Like most other landowners, Svitlana inherited the land from her grandmother. She says she also inherited the tenants. She knows nothing about their affairs but receives rental payments on time, and the amount is satisfactory. It amounts to UAH 11,000 per year for five hectares. Svitlana grew up and lives in the city, but she hopes that one day she might have her own farm on this land, she reflects.

"I don’t know where it came from, but I love this land. When I moved into my new house, there was a small patch of land that was covered in glass, and I felt such pity for it, almost physical pain. As I cleared the glass, I realized how much I love the land. Therefore, I would only sell it if I had no other choice", - she says.

Ihor Lisetsky suggests that since February 2022, land sales are largely preferred by those who are moving to safer places due to the war and are losing connection with their native regions. Companies are also selling, despite concerns that they would rush to buy. Even with the market open to legal entities, physical persons still make up the majority of buyers, notes Lisetsky.

People buy where they want to sell, with 70-80 percent of the purchases aimed at renting out the land, generating passive income, and potentially reselling in the future, continues Lisetsky. Rental prices are not rising yet due to additional costs borne by farmers because of the war: for generators, transportation, and so on. However, land prices will significantly increase as soon as the war ends—primarily due to European integration, he is convinced. Today's buyers are counting on this as well.

Conditions favorable to raiding

Iryna Antsyfrova, a public activist from Marhanets in the Dnipropetrovsk oblast, inherited two land plots from her mother. They are small, but located in an area that until recently was the shore of the Kakhovka Reservoir. The woman says that even in 2019, people wanted to buy them from her, when there was a moratorium on land sales in Ukraine. She refused to sell. She dreamed of someday having her own greenhouse on the plots, and in the meantime, she rented them out to a company owned by her parents' friends.

In 2023, Iryna was surprised to see in the State Land Cadastre that her plots had a new tenant, even though none of the lease agreements she signed with the previous tenant had expired. The new company had a name similar to the one that rented the plots from Iryna previously, but it was a new company registered in February 2023. Its manager and owner turned out to be, respectively, a deputy of the Marhanets City Council and the son of the Marhanets mayor. Data aggregators from state registers showed that the new LLC managed almost 500 more land plots in the Nikopol district, to which Marhanets belongs. The Marhanets mayor has significant influence there.

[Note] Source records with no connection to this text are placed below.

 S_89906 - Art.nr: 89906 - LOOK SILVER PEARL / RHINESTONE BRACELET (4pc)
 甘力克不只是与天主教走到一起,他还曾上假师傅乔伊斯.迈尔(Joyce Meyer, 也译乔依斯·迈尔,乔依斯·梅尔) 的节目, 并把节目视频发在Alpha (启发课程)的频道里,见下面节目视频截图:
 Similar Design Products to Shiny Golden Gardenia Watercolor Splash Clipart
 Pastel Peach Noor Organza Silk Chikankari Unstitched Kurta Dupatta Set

The woman suspects that, like her, the owners of most, if not all, of those plots did not sign, and perhaps did not even see, the new lease agreements. Iryna is not familiar with other local landowners, so she cannot verify her suspicion. She has not lived in or visited the area for a long time, but she knows that many recent local residents also left because of the war.

Iryna does not understand why anyone would want land near the now-dry reservoir, in an area where planting and harvesting are impossible due to constant shelling: directly across from her plots, on the opposite bank of the Dnipro river, is occupied Enerhodar. But farther from there are quite peaceful fields, says Iryna, and now all the land there is controlled by the mayor's son. Even if she wanted to sell her plots, she says, in these conditions, there would be no other buyer except the unrecognized tenant, who has effectively created a monopoly, has legal priority to buy, and will dictate the price because of this.

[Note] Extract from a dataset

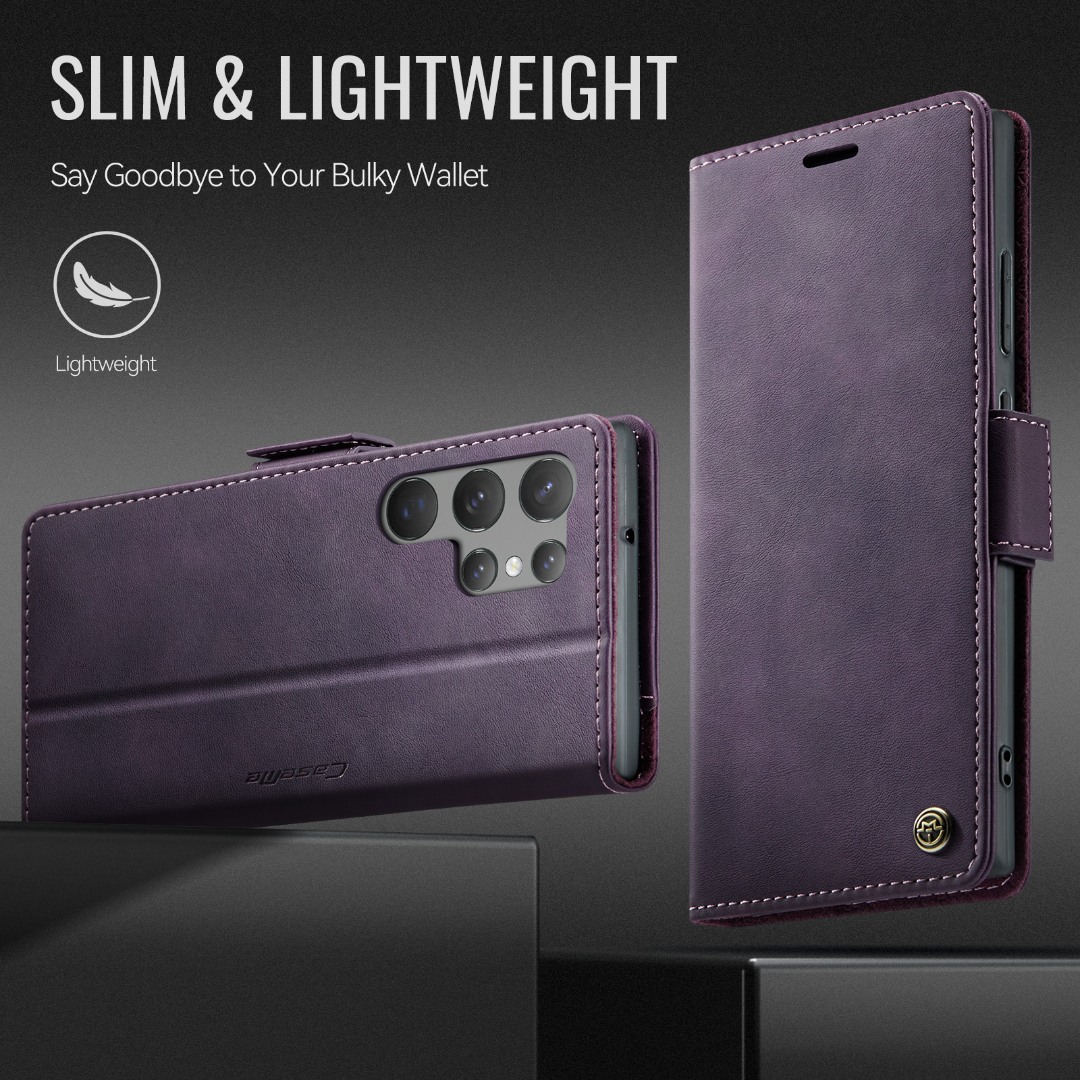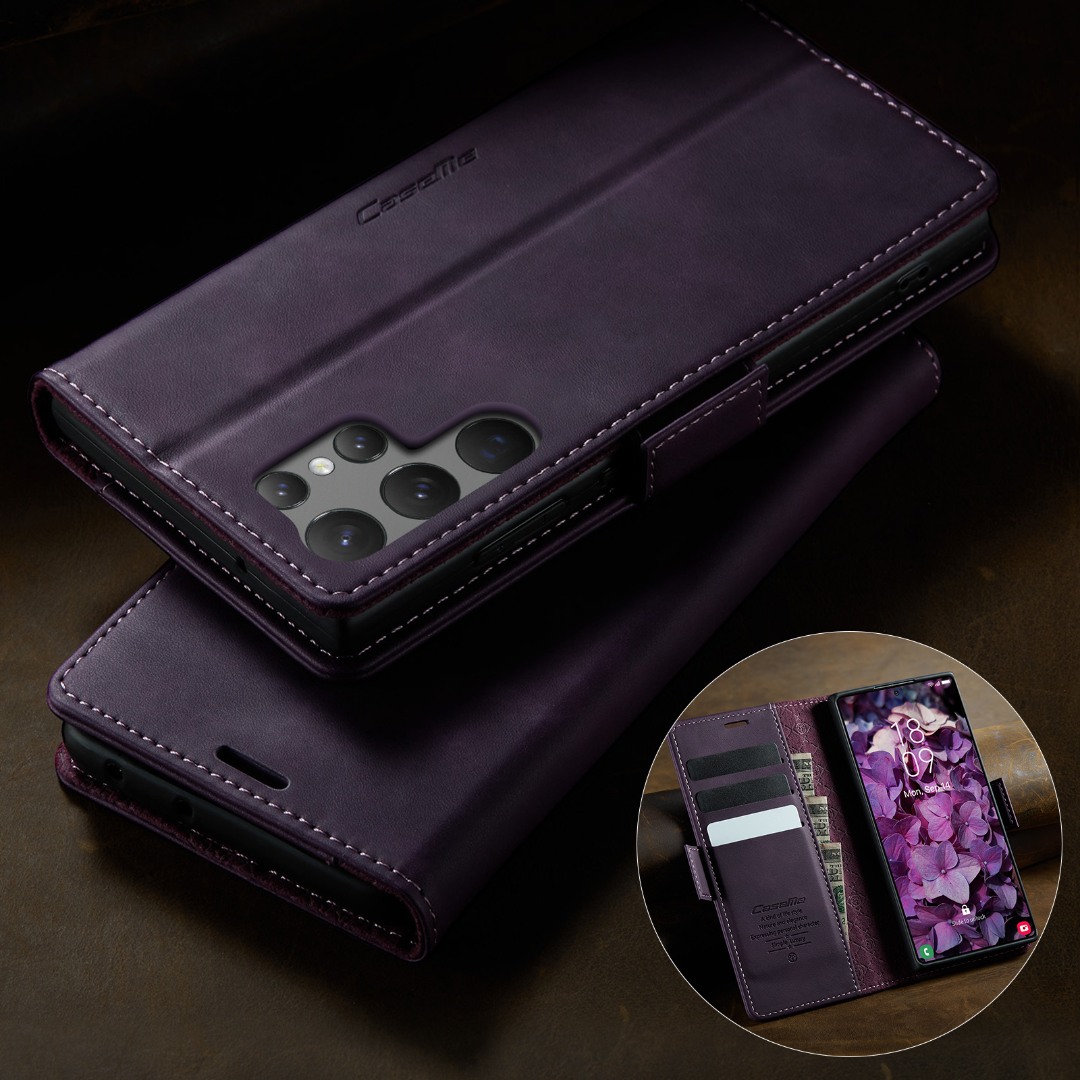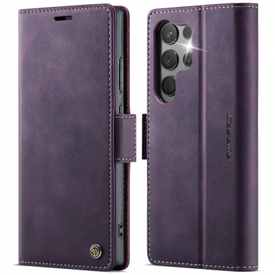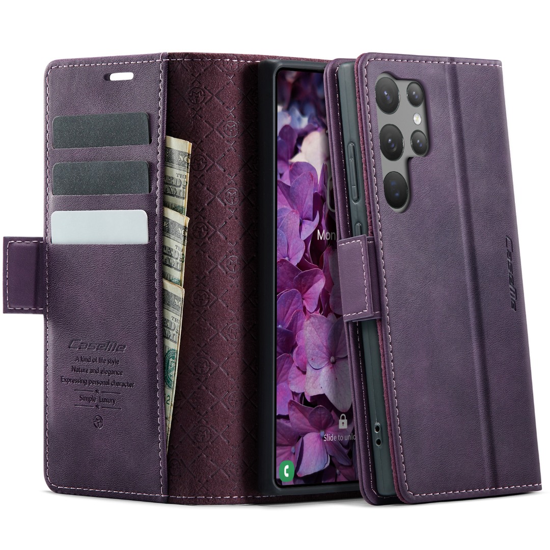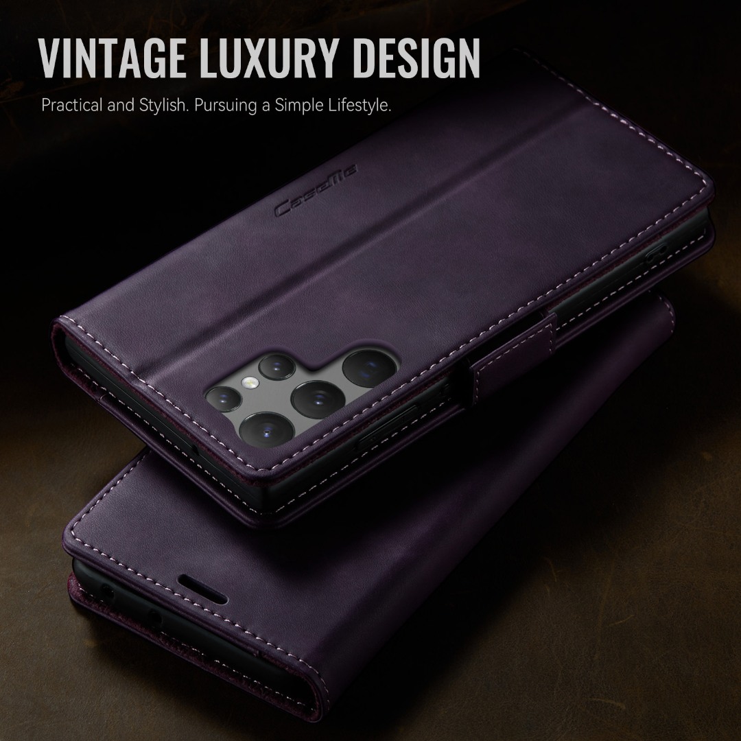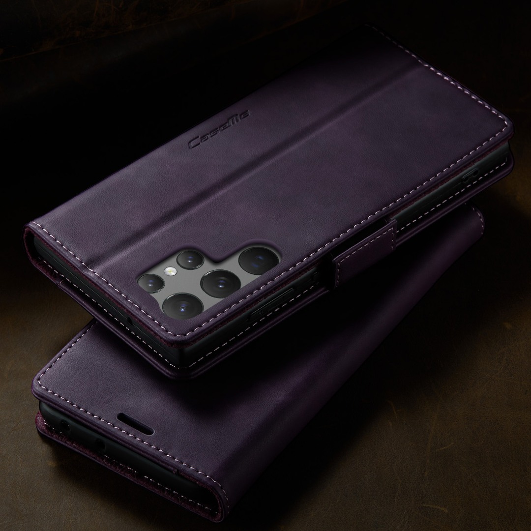 Husa pentru Samsung Galaxy S23 Ultra - Slim tip portofel, cu stand si inchidere magnetica – textura neteda, aderenta sigura, usor de curatat, design curat si minimalist, CaseMe, Violet regal

The woman wants to challenge the falsification in court but lacks the means to sue the wealthiest people in her hometown.

Thus, the war, which has interfered with land reform, not only forces the legal owners off Ukrainian land, contaminates it, destroys formerly strong farms and the infrastructure they relied on but also fosters unfriendly encroachments on others' property within the country, where nothing, perhaps, still protects the most vulnerable.